I can't tell you how disappointed I was when upon my first trip to Barnes and Noble after redeployment, they did not have the book in stock.  This is how I found Pattern Recognition.  As a consumer, I don't tend to settle for a product if I can't find what I'm specifially looking for.  I hemmed and hawed about purchasing Pattern Recognition as a compromise and eventually just walked away without either.

But something stuck, and for some reason I couldn't stop thinking about the cover.  Eventually, I settled and purchased it (albeit in dramatic fashion as I can't seem to do anything normally).  I started reading it at my in-law's place in Alabama during the 30 Days of Freedom Tour and got 140 pages into it before I found Neuromancer sitting on Manna's bookshelf (it was an El Paso book club read she never started).  Needless to say that despite my progress with Pattern Recognition I grabbed Neuromancer to save for later (ie when we weren't partying like rock stars or driving across country every three days).

I finished Neuromancer in March.

Neuromancer would have made more of an impression had I read this somewhere between '92 and '98, before I was familiar with The Matrix, Blade Runner, Mind.In.A.Box and up to my eyeballs in rivet movies and music.  Gibson's influence in the genre at this point is all too obvious but since I've discovered it reverse sequence, the magic has been an enhanced appreciation of what the story inspired opposed to the story itself.
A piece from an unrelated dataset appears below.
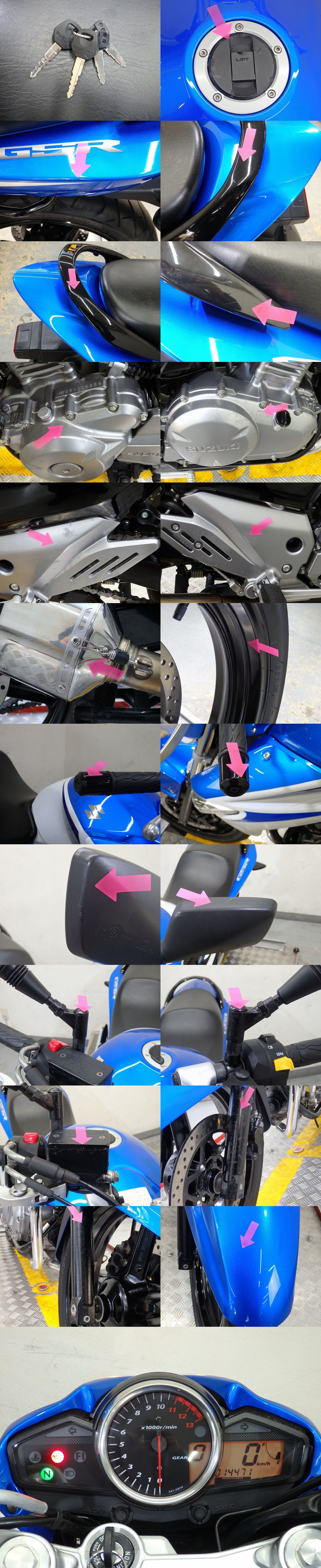 | 車両情報 | ■メーカー : 【スズキ(SUZUKI)】 ■車 名 : 【GSR250】 ■排気量 : 【250cc】 ■走行距離 : 【14,471km】 ■車体番号 : 【LC6GJ55D00110****】 ■車検(自賠責保険) : 【なし】 ■年式(または初年度登録) : 【平成27年】 ■車両状態 エンジン セルにて始動確認済み 保安部品 ライト、ウインカー・テールランプ等 電装保安部品は正常作動いたします。 外装 フロントフェンダー、バーエンド、ミラー、 テールカウル、マフラーサイレンサーなど 側面パーツへ多数小傷があります。 フルードキャップ、エンジンカバー、ホイールリム、 フォークアウターなど金属製パーツへ 腐食、サビ箇所がございます。 ※画像でわかりにくい点や気になる点ありましたら、 現車確認またはご質問ください。 ■その他 ご不明な点などありましたら、 車両の前でご説明も可能です。 お電話からもお気軽にお問い合わせください。 ![]() ![]() |

Pattern Recognition is another story all together.  This book has been on my mind constantly since I finished it.  Gibson's first contemporary novel, Pattern Recognition explores post 9-11 society and our search to find meaningful connections in the world around us.  Technology and consumer culture are critical leitmotifs but the novel's pacing and impact weren't what I expected.  I find myself thinking about this book so often that I'm going to move George Johnson's In the Palaces of Memory up to the book I read after I finish the Michener.  There's much more I want to write about this but my thoughts are too scattered right now.  The bottom line is this has been the best book I've read this year thus far, though technically speaking, it's only the second book I've read that hasn't been adapted into a movie I've seen already.

Speaking of movies, I want to post some thoughts on last night's sci-fi bender (especially Repo Men, Blade Runner, and Aeon Flux) but I've rambled enough for now.